However, challenges such as poor MSC survival in the harsh disc environment and unclear mechanisms of action persist [170]. Strategies like hypoxic preconditioning, biomaterial scaffolds, and MSC-derived exosomes are under investigation to enhance therapeutic efficacy [155].

While MSC therapy is advancing, interest has grown in notochordal cell-based therapies, inspired by the observation that NCs persist into adulthood in certain animal species resistant to disc degeneration [171,172]. Therapeutic strategies involving NCs include: 1. Direct transplantation of NCs or NC-rich tissue; 2. Use of NC-conditioned media or secretome, which enhances ECM production, inhibits inflammation, and supports NP cell proliferation; 3. Differentiation of pluripotent stem cells into NC-like cells, although standardization of phenotypic markers and confirmation of regenerative function remain areas for future study [172]. Evidence suggests that NCs promote ECM synthesis, prevent NP cell apoptosis, secrete anti-inflammatory and pro-regenerative factors such as TGF-β, TIMP-1, and GAG-rich ECM proteins, and act as chemoattractants, promoting the migration and differentiation of endogenous MSCs toward a regenerative NP phenotype [171]. Thus, NC-based therapy holds promise as a disease-modifying approach, potentially complementing or enhancing MSC-based strategies.

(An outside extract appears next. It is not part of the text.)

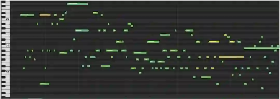 之前 Magenta 和其他人创作的音乐可以生成可传递的单声道旋律或者时间步的序列,在每一个时间步上,最多一个音符可以处于「开启」状态。这些模型类似于生成文本的语言模型:不同的是,该模型输出的不是代表单个词语的独热向量,而是代表音符的独热向量。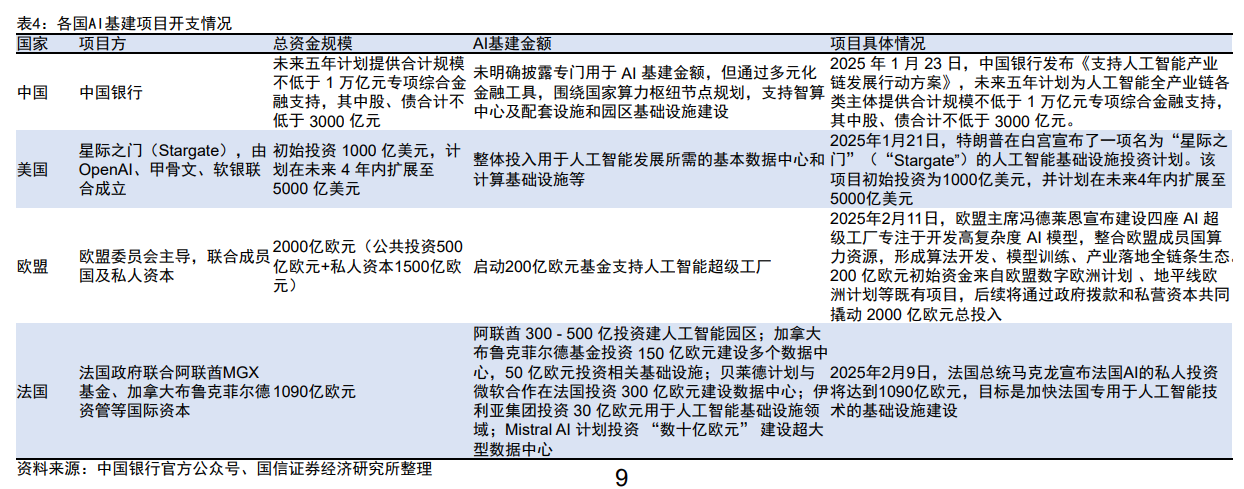 Marvell在AIDay上宣称,北美CSP厂商2025年投入预计为5950亿美元,2028年有望达10220亿美元,CAGR为20%。国信证券研报指出,2025年初以来,中美欧等国家地区纷纷发布千亿美元以上资金规模投向AI基建领域:中国银行万亿元专项金融支持、美国1000亿美元(未来4年内扩展至5000亿美元)、欧盟2000亿欧元、法国1090亿欧元。

6.4. Growth Differentiation Factors

Growth factor (GF) therapy involves the injection of bioactive peptides into the IVD to stimulate ECM production, reduce catabolic activity, and suppress inflammation. GFs bind to cell surface receptors and activate signaling cascades that regulate protein synthesis, differentiation, apoptosis, and cell proliferation [173].

Among the most studied GFs in disc regeneration are growth differentiation factors (GDFs), especially GDF5 and GDF6, members of the TGF-β superfamily. In ovine and rabbit models, these factors have promoted anabolic ECM gene expression and inhibited inflammatory mediators such as IL-1β and TNF-α [174,175,176]. In particular, GDF6 induces robust NP-like differentiation of mesenchymal stem cells without triggering hypertrophy [160,177]. It also functions as a chemoattractant to chondrocytes and NP cells, and modulator of local inflammation [178,179].

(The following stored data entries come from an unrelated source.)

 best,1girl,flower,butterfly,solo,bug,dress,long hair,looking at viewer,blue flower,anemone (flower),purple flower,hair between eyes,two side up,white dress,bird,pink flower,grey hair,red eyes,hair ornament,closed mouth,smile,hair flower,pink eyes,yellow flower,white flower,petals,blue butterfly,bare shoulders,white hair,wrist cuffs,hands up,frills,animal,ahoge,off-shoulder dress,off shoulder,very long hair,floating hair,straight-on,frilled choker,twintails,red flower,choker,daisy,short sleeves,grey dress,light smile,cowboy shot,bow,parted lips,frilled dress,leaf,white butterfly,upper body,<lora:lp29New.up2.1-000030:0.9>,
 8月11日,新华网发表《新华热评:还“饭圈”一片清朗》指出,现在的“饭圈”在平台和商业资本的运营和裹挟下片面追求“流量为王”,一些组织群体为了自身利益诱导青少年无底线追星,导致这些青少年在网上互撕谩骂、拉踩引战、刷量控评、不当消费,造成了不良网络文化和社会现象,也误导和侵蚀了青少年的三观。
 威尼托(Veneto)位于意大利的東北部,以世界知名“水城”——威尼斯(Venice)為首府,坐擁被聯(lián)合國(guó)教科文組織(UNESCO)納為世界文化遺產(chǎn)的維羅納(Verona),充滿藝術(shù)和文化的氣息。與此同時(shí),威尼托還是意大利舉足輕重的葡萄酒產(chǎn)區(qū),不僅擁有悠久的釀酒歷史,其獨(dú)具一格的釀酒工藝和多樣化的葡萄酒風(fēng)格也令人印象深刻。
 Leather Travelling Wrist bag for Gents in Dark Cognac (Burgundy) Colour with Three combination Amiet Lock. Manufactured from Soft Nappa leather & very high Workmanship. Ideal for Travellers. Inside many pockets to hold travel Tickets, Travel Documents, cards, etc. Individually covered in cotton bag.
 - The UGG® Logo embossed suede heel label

In vivo studies have shown that GDF5 and GDF6 can enhance disc hydration, matrix integrity, and reduce pain-associated markers in animal models [174,175,176,180]. However, the short biological half-life of GFs, ranging from hours to days, poses a challenge for sustained therapeutic effects in chronic degeneration [181,182]. To overcome this, controlled-release delivery systems (e.g., microspheres, nanoparticles, viral vectors) have been developed to prolong bioactivity [183].

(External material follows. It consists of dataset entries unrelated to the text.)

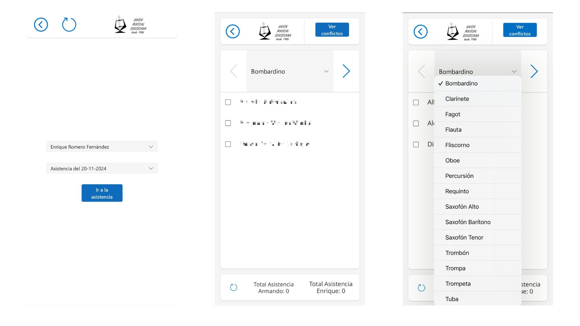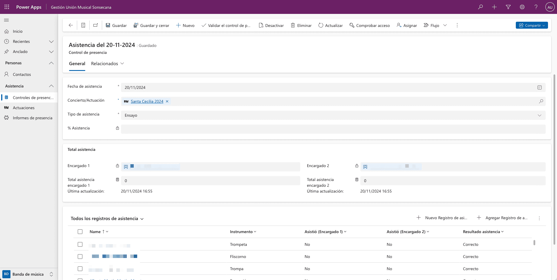 App de lienzo para el control de asistencia: Esta aplicación permite a dos miembros de la Junta Directiva pasar lista en ensayos y conciertos. La aplicación valida que la lista se ha pasado correctamente cuando ambos miembros han marcado las mismas personas. Algunas capturas de esta aplicación: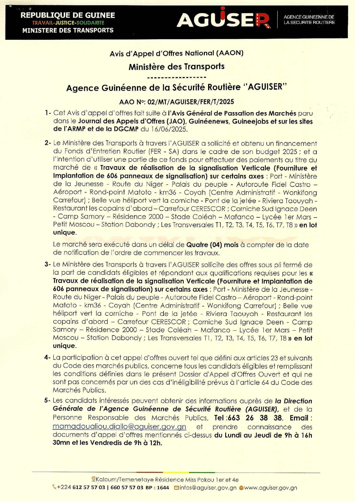 > Marché de « Travaux de réalisation de la signalisation Verticale (Fourniture et Implantation de 606 panneaux de signalisation) sur certains axes : Port - Ministère de la Jeunesse - Route du Niger - Palais du peuple - Autoroute ...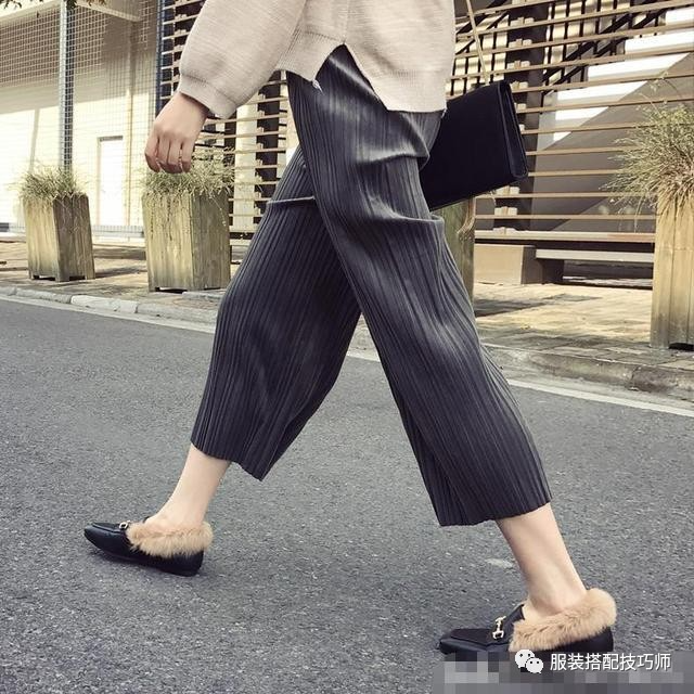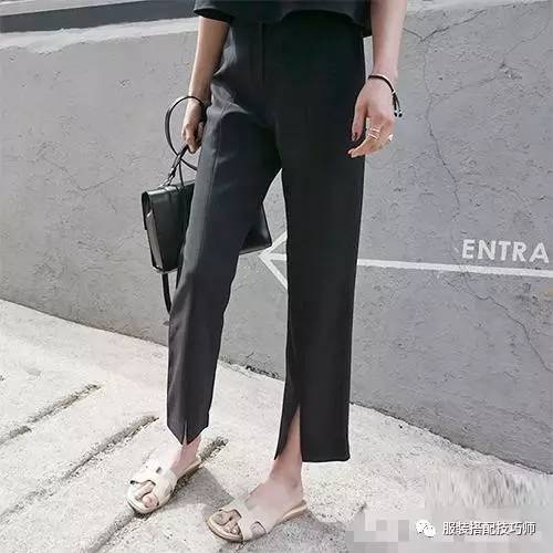 穿衣技巧:阔腿裤很适合梨形身材的美眉,即便你的身材娇小也能完美驾驭,让你的宽胯和粗腿完美的隐藏在阔腿裤中!偶尔来点个性也是蛮不错的,裤腿开叉的阔腿裤+造型独特的凉拖,分分钟让你成为人群中的亮点!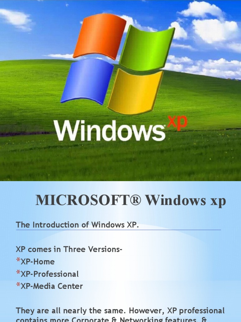 Welcome to Microsoft® Windows® XP Professional, the new version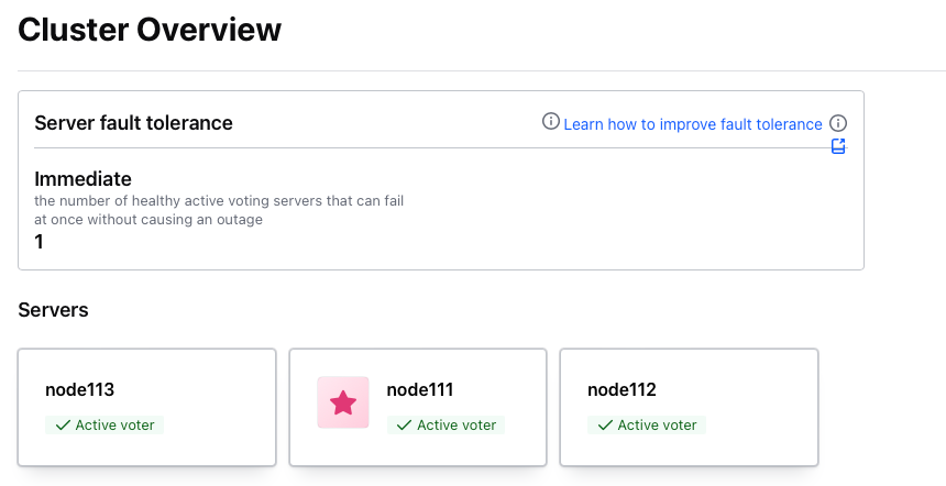 Node ID Address State Voter RaftProtocol Commit Index Trails Leader By

Other growth factors like TGF-β, BMPs (bone morphogenetic proteins), PDGF (platelet-derived growth factor), and EGF (epidermal growth factor) also exhibit anti-inflammatory and anti-catabolic properties by downregulating cytokines (IL-1, IL-6, TNF-α), MMPs, nitric oxide, and PGE2 [181,182]. A mice study revealed that TGF-β may also regulate NGF expression, linking it to pain modulation in IVDD [184]. Additionally, platelet-rich plasma (PRP) serves as a rich source of endogenous GFs, with PDGF shown to reduce apoptosis in AF cells under stress conditions [145,185].

6.5. Senolytics

Senolytics are a class of therapeutic agents designed to selectively eliminate senescent cells [186]. Senolytics like quercetin, curcumin, and o-vanillin have demonstrated efficacy in vitro and in vivo by reducing senescent NP cell burden, suppressing SASP expression, and alleviating ECM degradation [187,188,189,190]. Mice studies point that some senolytics, including dasatinib and fisetin, function via inhibition of the PI3K/Akt/mTOR pathway, while others such as ABT-263 (navitoclax) target BCL-2 family proteins to induce apoptosis selectively in senescent cells without affecting healthy ones [191,192,193].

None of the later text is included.